Art gives us the chance to bring people and ideas together. Throughout history, artists have participated as adamant reactionaries to Unjust social-political actions and protest art is the creative works produced by activists and social movements. It is a traditional means of communication, utilized by a cross section of collectives and the state to inform and persuade citizens. Protest art helps arouse base emotions in their audiences, and in return may increase the climate of tension and create new opportunities to dissent.
Protest art acts as an important tool to form social consciousness, create networks, operate accessibly, and be cost-effective. Social movements produce such works as the signs, banners, posters, and other printed materials used to convey a particular cause or message. Often, such art is used as part of demonstrations or acts of civil disobedience. These works tend to be ephemeral, characterized by their portability and disposability, and are frequently not authored or owned by any one person. The various peace symbols, and the raised fist are two examples that highlight the democratic ownership of these signs.
Protest art also includes (but is not limited to) performance, site-specific installations, graffiti and street art, and crosses the boundaries of Visual arts genres, media, and disciplines. While some protest art is associated with trained and professional artists, an extensive knowledge of art is not required to take part in protest art. Protest artists frequently bypass the art-world institutions and commercial gallery system in an attempt to reach a wider audience. Furthermore, protest art is not limited to one region or country, but is rather a method that is used around the world.
Protest art represents and includes aesthetic, sociopolitical, and technological developments that have attempted to challenge and complicate the traditional boundaries and hierarchies of culture as represented by those in power. Its aim is to create art that is a form of political or social currency, actively addressing cultural power structures rather than representing them or simply describing them. It emerged partly out of a call for art to be connected to a wider audience, and to open up spaces where the marginalized and disenfranchised can be seen and heard.
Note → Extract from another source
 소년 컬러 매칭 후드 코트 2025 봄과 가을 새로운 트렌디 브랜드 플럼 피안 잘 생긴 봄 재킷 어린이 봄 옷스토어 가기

Protest art incorporates the use of public space to address socio-political issues and to encourage community and public participation as a means of bringing about social change.
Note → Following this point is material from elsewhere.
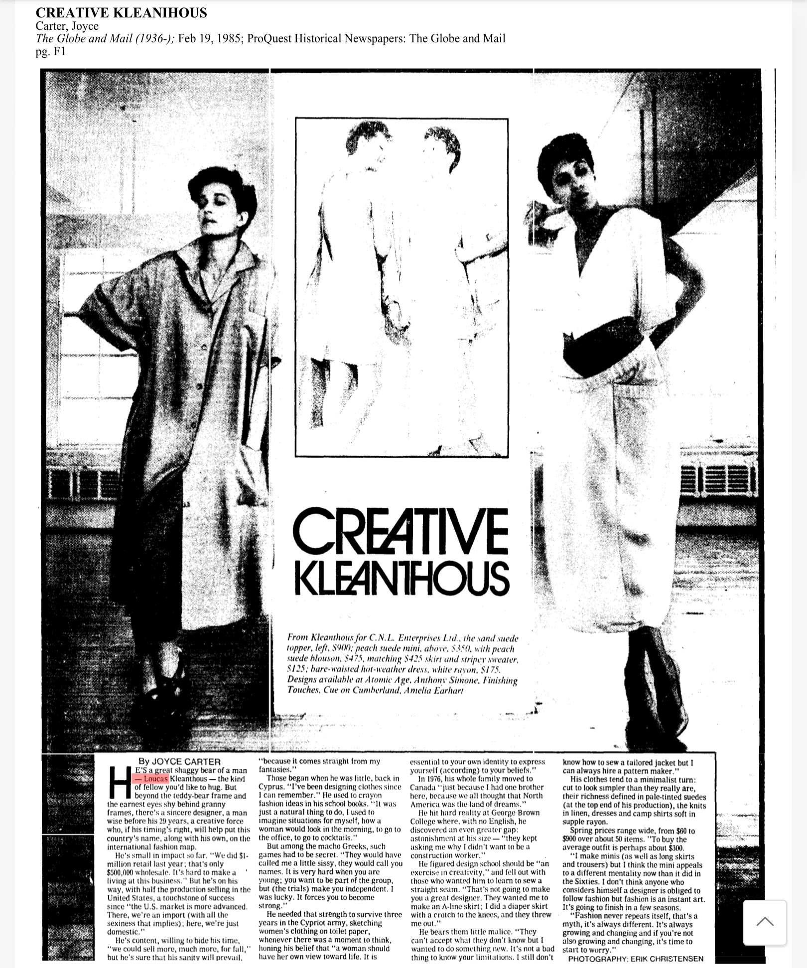 1985 loucas GLOBE FEB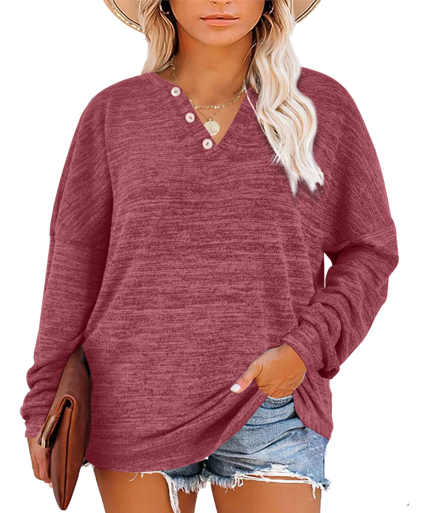 Gloria&Sarah Womens Plus Size Tops Long Sleeve Henley Shirts Fall Fashion Oversized Sweatshirt Tunic Sweaters L-4XL

It aims to affect social change by engaging in active processes of representation that work to foster participation in dialogue, raise consciousness, and empower individuals and communities. The need to ensure the continued impact of a work by sustaining the public participation process it initiated is also a challenge for many protest artists. It often requires the artist to establish relationships within the communities where projects take place.
If social movements are understood as “repeated public displays” of alternative political and cultural values, then protest art is significant in articulating such alternative views. Protest art is also important to the dimension of culture and an understanding of its importance alongside political, economical, and social forces in movements and acts of social change. One should be wary of conflating protest art with political art, as doing so obscures critical differences in methodology, strategy, and activist goals.
As awareness of social justices around the world became more common among the public, an increase in protest art can be seen. Some of the most critically effective artworks of the recent period were staged outside the gallery, away from the museum and in that sense, protest art has found a different relationship to the public.